----- Data for analysis -----

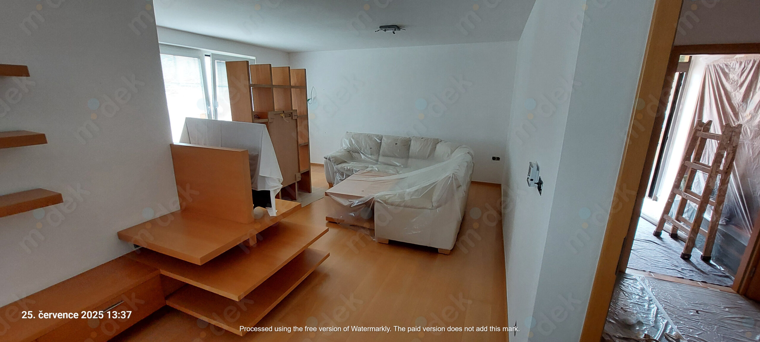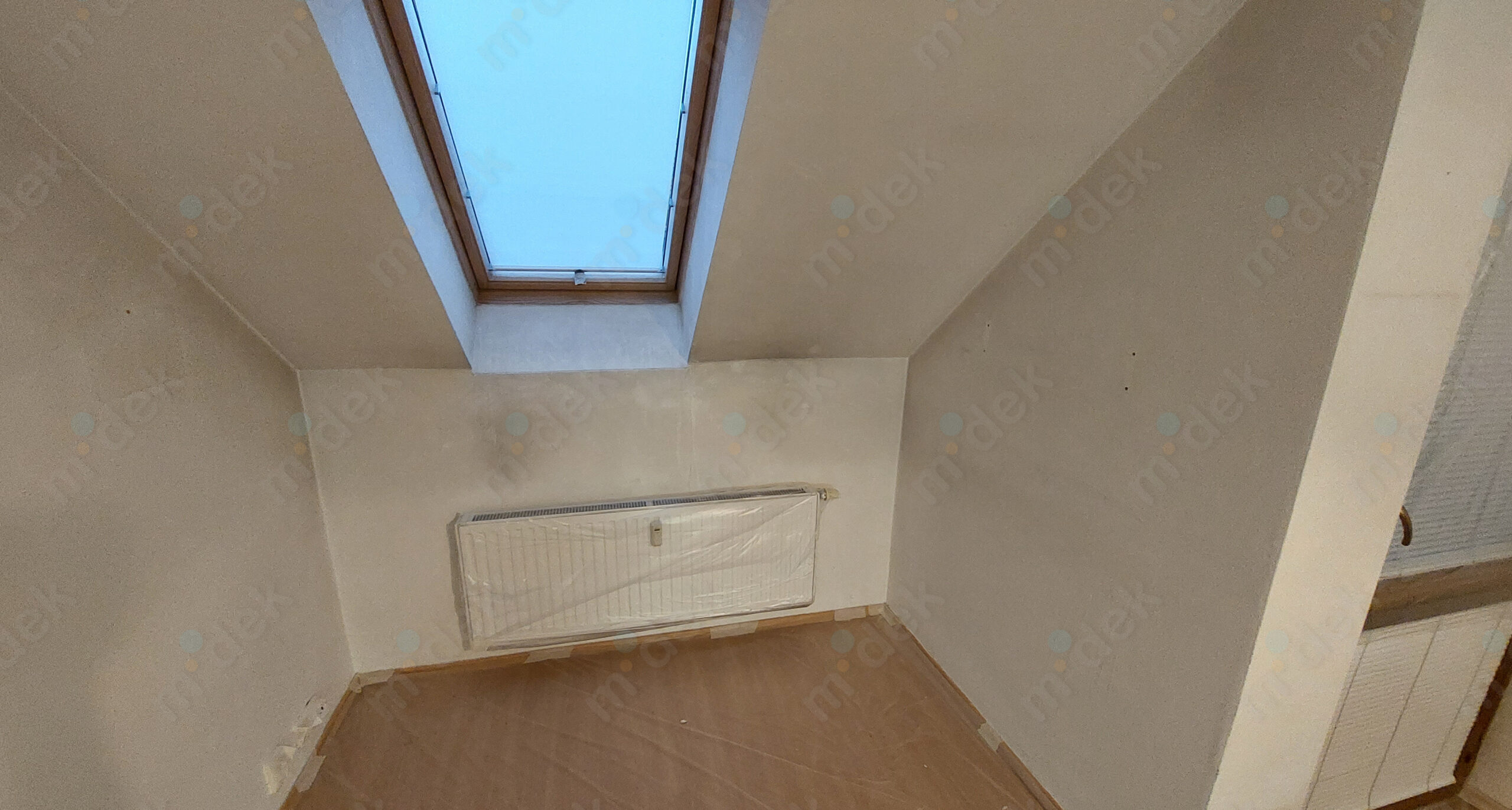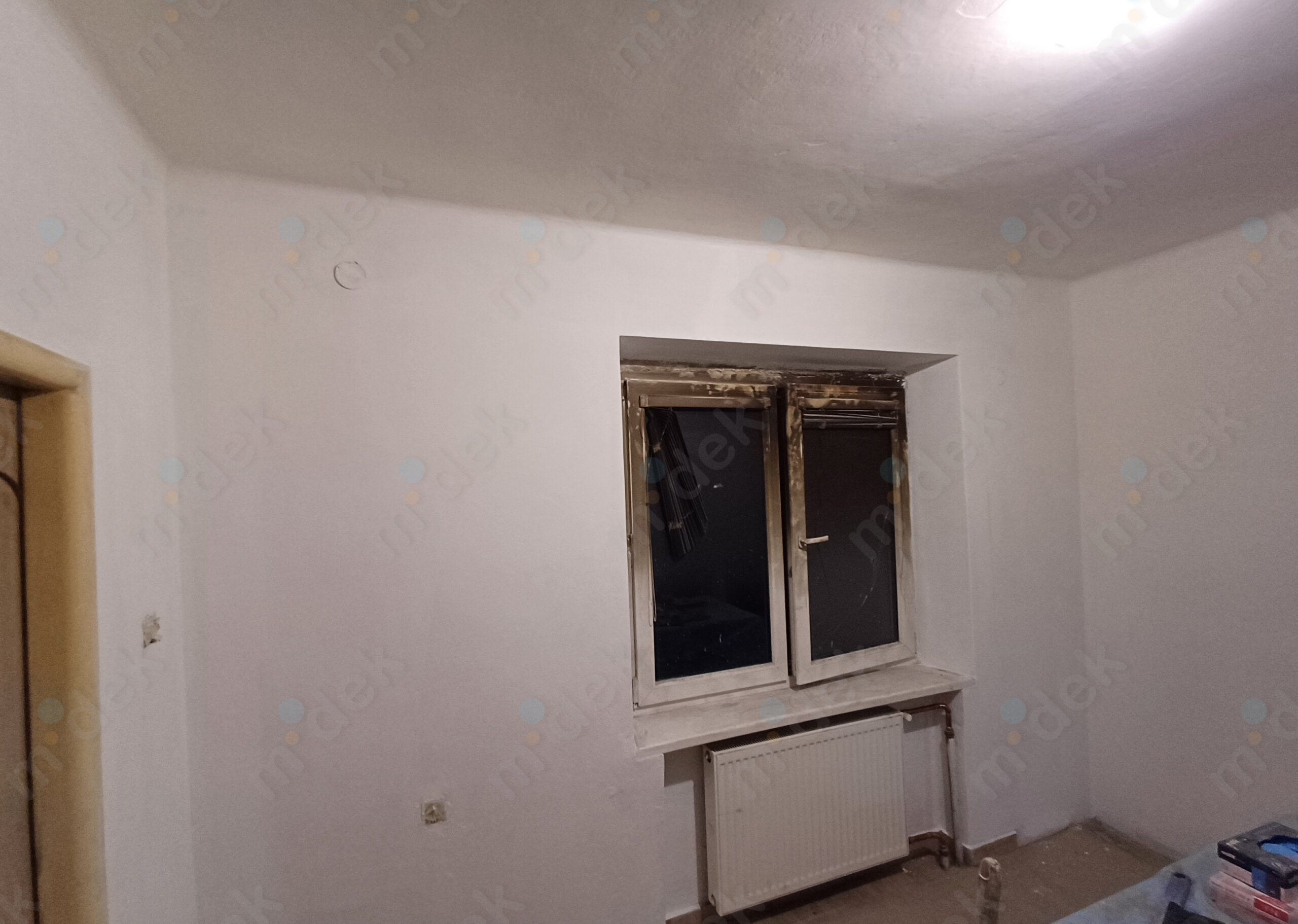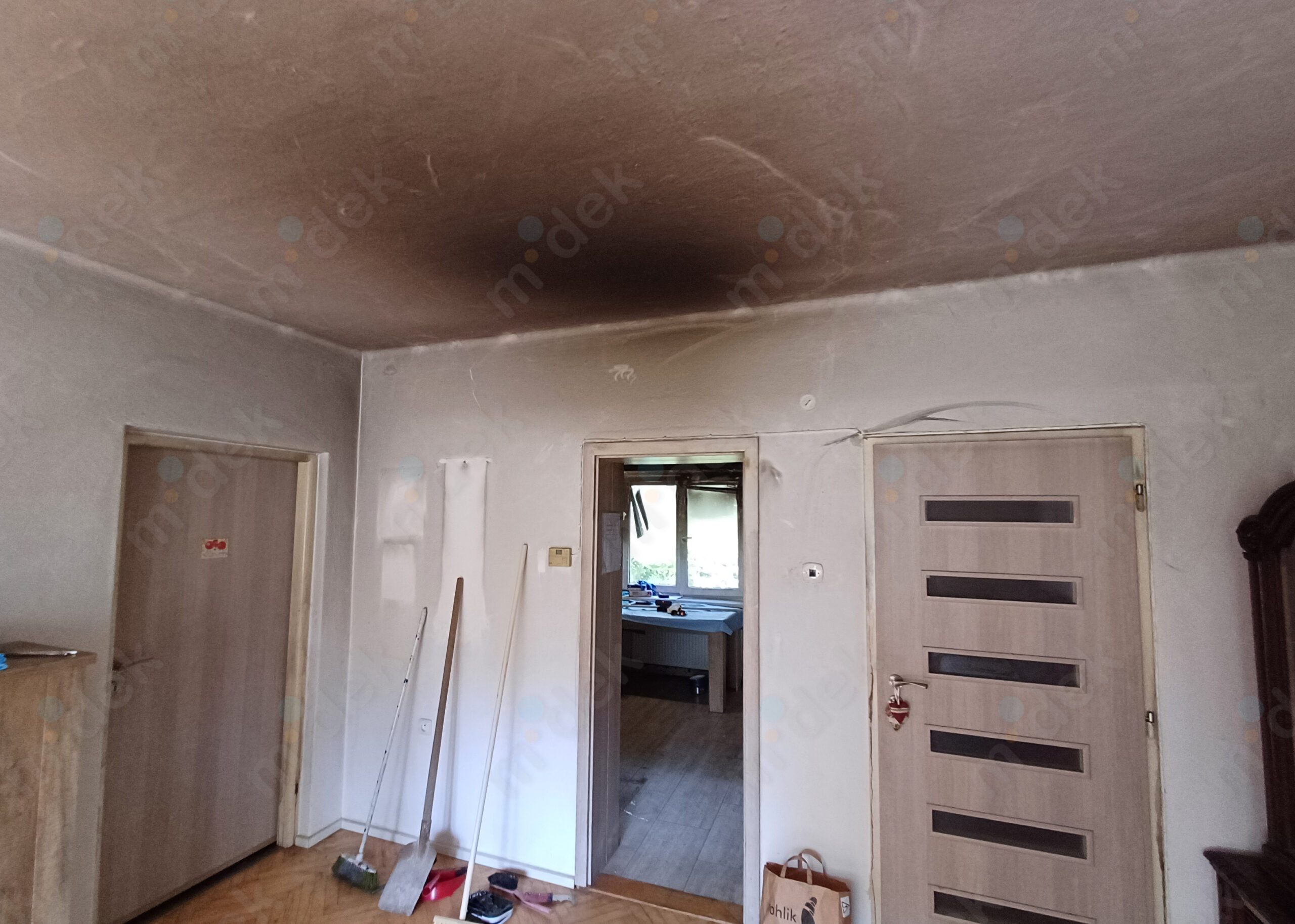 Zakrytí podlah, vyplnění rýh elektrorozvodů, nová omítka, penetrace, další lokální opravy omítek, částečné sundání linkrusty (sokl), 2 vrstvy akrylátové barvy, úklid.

-----
----- Data for analysis -----

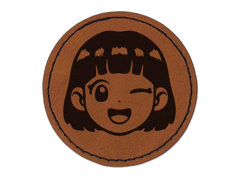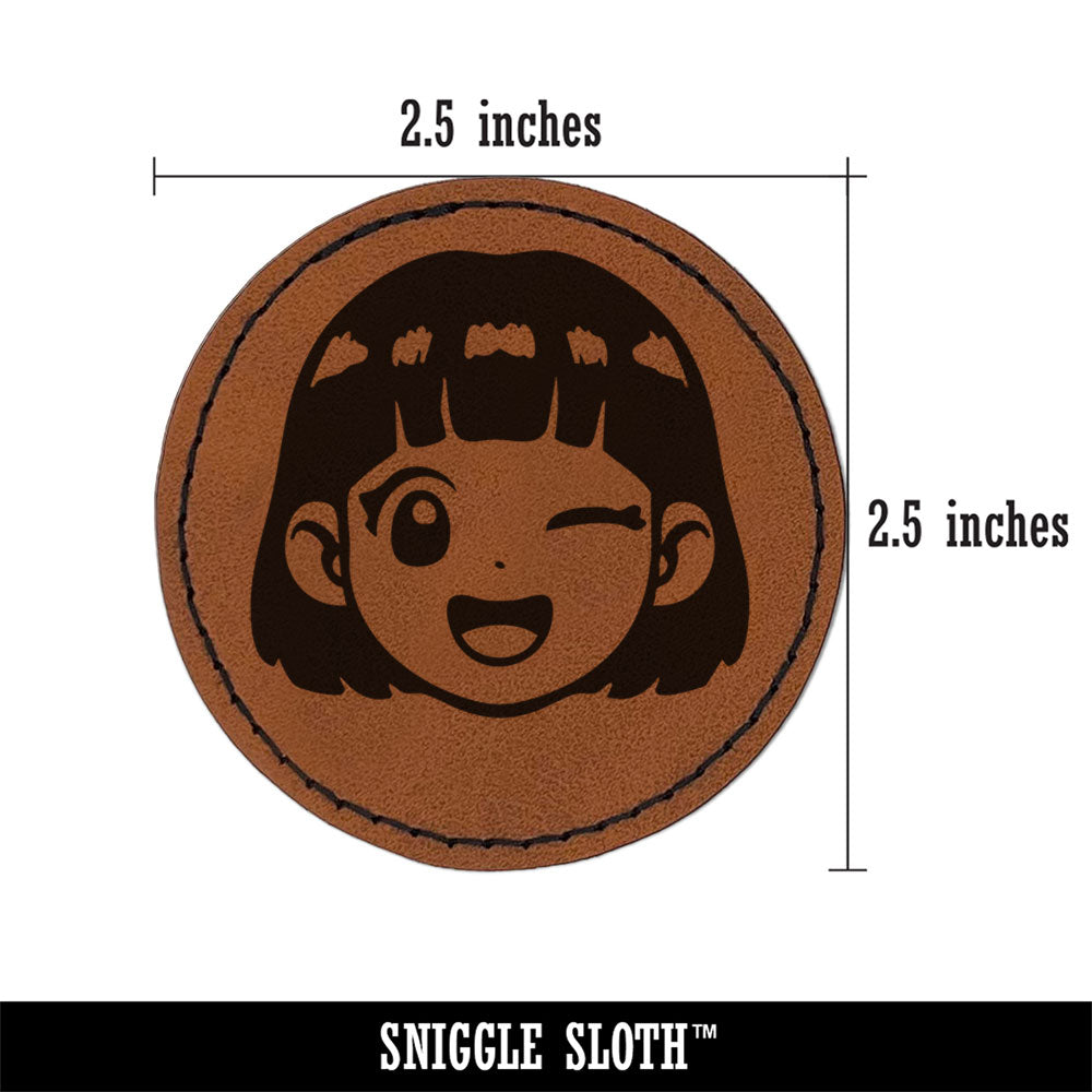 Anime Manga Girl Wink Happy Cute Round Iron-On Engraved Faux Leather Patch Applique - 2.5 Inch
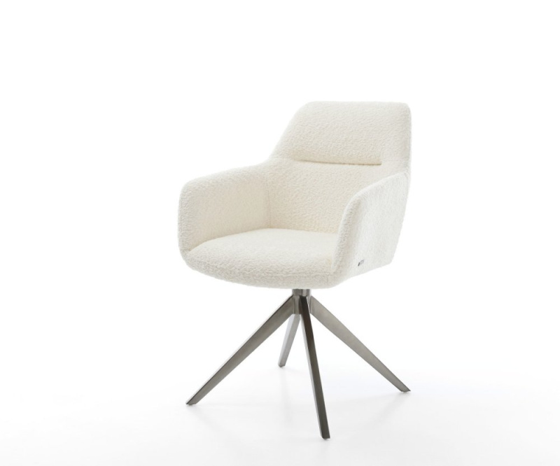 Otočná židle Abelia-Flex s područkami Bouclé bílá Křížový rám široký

-----

Task brief: Only the lines between the one with "Anime Manga Girl" and the one with "Otočná židle Abelia-Flex", those two included, get copied from the material above. Keep it exact and free of pictures.

Task result:
 Anime Manga Girl Wink Happy Cute Round Iron-On Engraved Faux Leather Patch Applique - 2.5 Inch
 Otočná židle Abelia-Flex s područkami Bouclé bílá Křížový rám široký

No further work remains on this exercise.